4) As the struggle has take a turn for the local, with thousands of activists diving into the minutiae of recall campaigns, dealing with the legalities concerning the fourteen absent Dem senators, and countless other details of hard-slog politicking, the international dimensions are fading from front-line consciousness. As it happens, the main battle from the other side of the globe is no longer a peaceful occupation of Tahrir Square, but a shooting civil war in Libya, complete with hundreds of gruesome deaths, displaced peoples, and a paralysis in international response. Thus, the comparisons no longer suit. But even without convenient parallels that insist on connection, I hope it is not lost to people both inside and outside of Wisconsin, inside and outside of the US—what’s happening in Wisconsin matters to the world, for the following reason.

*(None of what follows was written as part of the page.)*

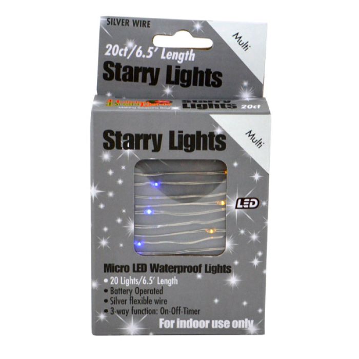 Holiday Bright Lights Starry Micro LED Multi-Color 20 Light Silver Wire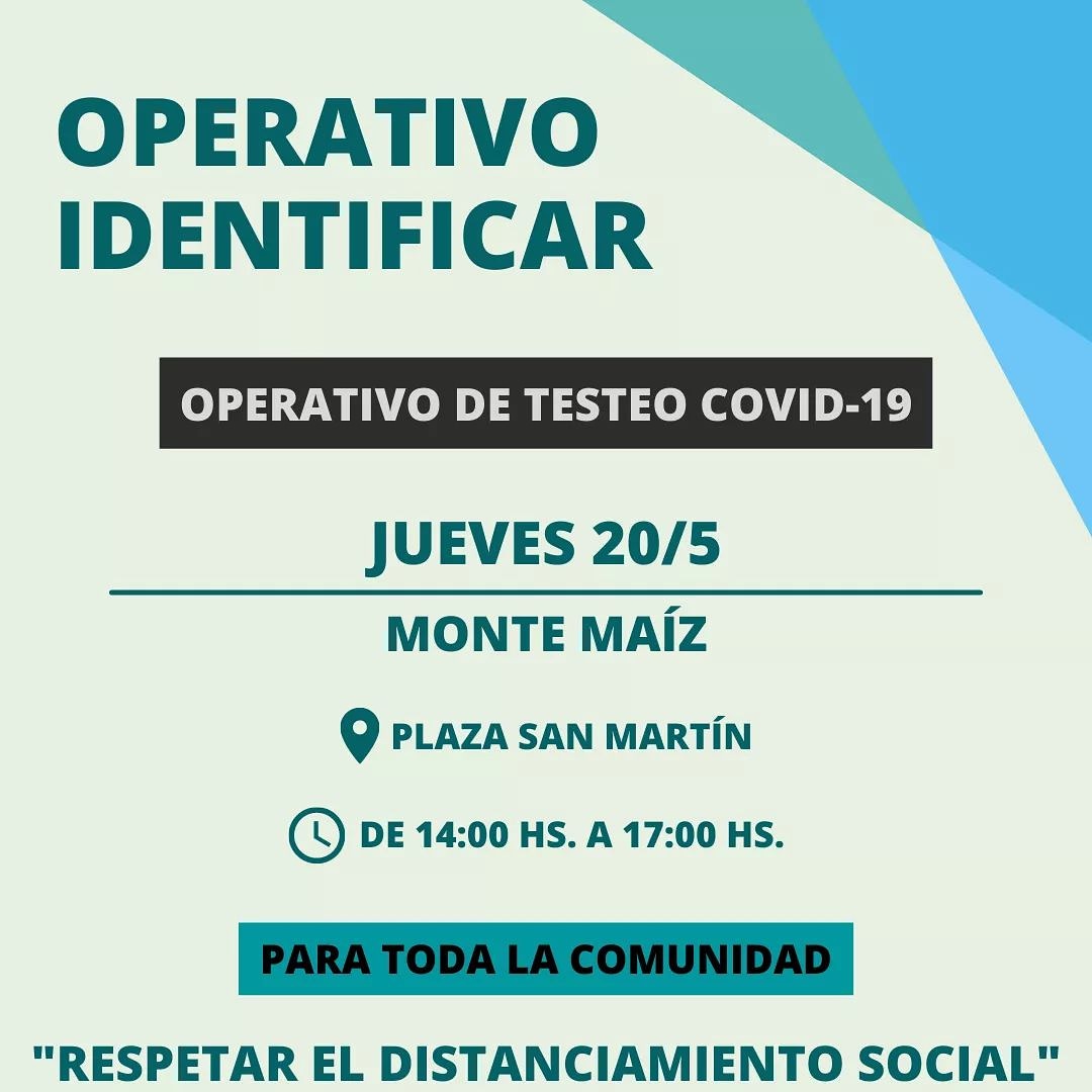 También se informó que en el dia de hoy llega el Operativo Identificar del Ministerio de Salud de la provincia. Se trata de un programa de testeos masivos que se desarrollará en la plazade 14 a 17 horas. El mismo es voluntario y para toda la comunidad. Para quien desee hacerse el control correspondiente se ruega asistir repetando todas las medidas de seguridad y de prevención vigentes.

The election last November of Scott Walker along with Ron Johnson’s defeat of Russ Feingold for a Wisconsin US Senate seat were taken by the national GOP as a model and pathway to their future power, so much so that Wisconsin GOP head Reince Priebus was elected to lead the Republican National Committee shortly after, and then Janesville, Wisc., congressman Paul Ryan was granted the slot to respond to Obama’s State of the Union address. Walker is seen as the operations guy, Priebus the strategist, and Ryan the policy brains—the rising star triumvirate of the GOP. Because of their national prominence, if they manage to win the day in Wisconsin, the rest of the world will feel no doubt feel the effects. If we win, we will have struck a blow against all three. How to reinstall the internationalism of the movement’s first week under these changed conditions is the challenge.